= Streynsham Master (Royal Navy officer) =

English naval captain (1682–1724)

Streynsham Master (1682–1724) was an English captain in the Royal Navy.

==Life==
He was the only son of James Master of East Langdon in Kent, by Joyce, only daughter of Christopher Turnor, baron of the exchequer; James Master's grandfather, Sir Edward Master (died 1648), had married Audry, eldest daughter and coheiress of Robert Streynsham, by whom he had fifteen children. His uncle (younger brother of his father, James), an influential figure in the East India Company, was also named Streynsham Master.

Master entered the navy under Captain George Byng, who had married his sister, Margaret. He was serving with him as a midshipman of HMS Ranelagh in 1704, was promoted to be a lieutenant of the Ranelagh, and was severely wounded in the leg by the explosion at the capture of Gibraltar. On 5 July 1709 he was promoted by Byng, then commander-in-chief in the Mediterranean, to command HMS Fame, and on 22 March 1710 he was posted by Sir John Norris to HMS Ludlow Castle.

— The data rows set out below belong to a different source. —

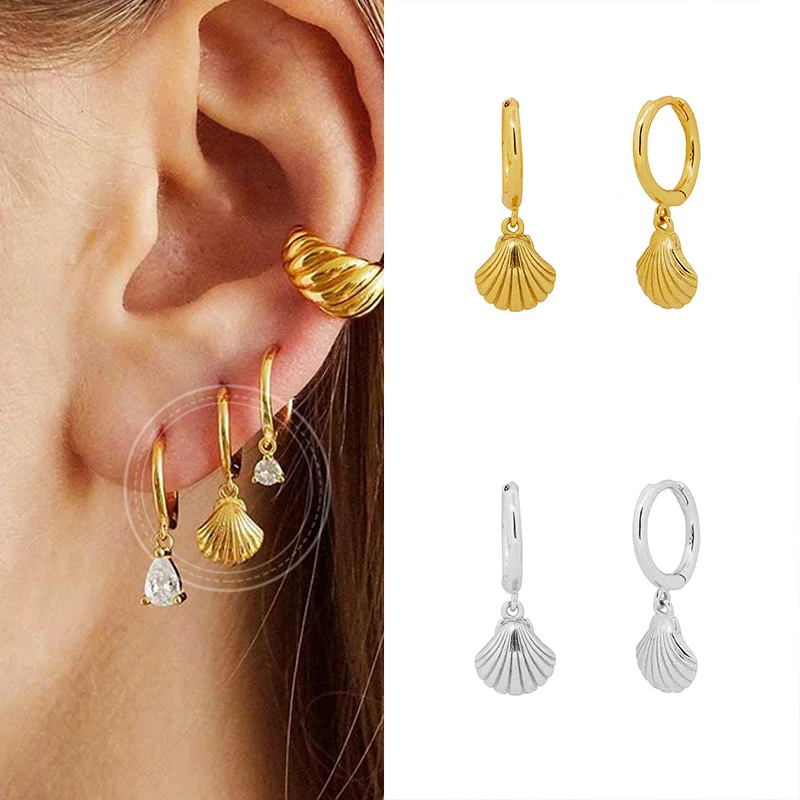 Серьги-кольца женские из серебра 925 пробы, с молнией и ракушками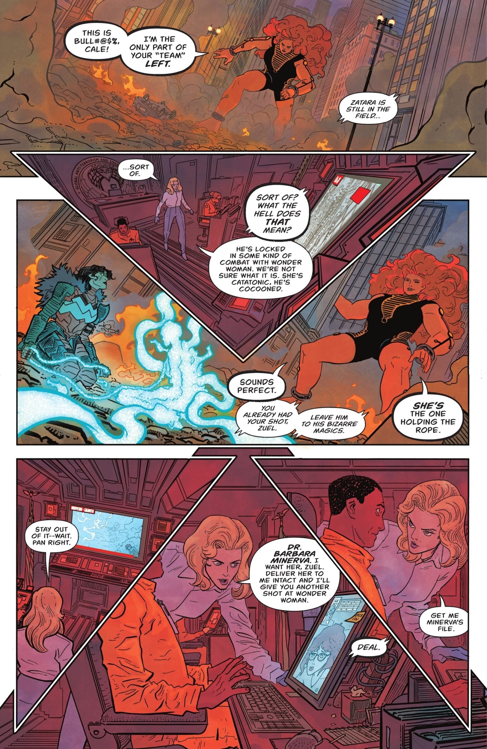While the heroes are melting their brains in the psychic plane, Veronica Cale is playing a much more grounded and ruthless game. She strikes a deal with Giganta to capture Dr. Barbara Minerva in exchange for another shot at Wonder Woman. Cale continues to be a cold, calculating antagonist who has zero patience for the bizarre magics she’s forced to deal with, but it’s also becoming clear that she is out of her depth here.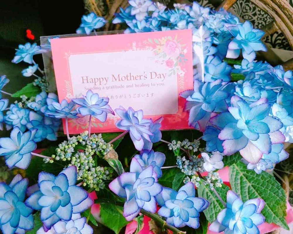 母の日にと 少し早いけど 娘から紫陽花 ひな祭りブルーが届きました💙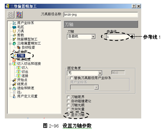 ,激活表格参数。在三维偏置精加工表格的策略树中,单击刀轴树枝,调出刀轴选项卡,按图2-96所示设置刀轴参数。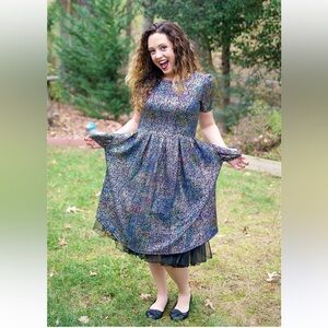 This dress is stunning! It is a Lularoe Amelia from the elegant collection. It is a rainbow mermaid metallic pattern that will look fabulous on anyone.

In 1712 Master was captain of HMS Ormonde in the Mediterranean; in 1716 and 1717 of the same vessel, now called HMS Dragon, in the Baltic Sea, with Norris and Byng. In March 1718 he was appointed to HMS Superbe, one of the fleet which went out to the Mediterranean with Byng. In the Battle of Cape Passaro off the southern tip of Sicily, 31 July 1718, Master made himself prominent. The Superbe and HMS Kent together engaged the Real San Felipe, the Spanish flagship, till, having beaten her to a standstill, she was boarded and taken by a party from the Superbe, led by Thomas Arnold, her first lieutenant.

After his return to England Master had no further service, dying of a fever, 22 June 1724. He had married, only four months before, Elizabeth, only daughter and heiress of Richard, son of Sir Henry Oxenden, 1st Baronet, but left no issue.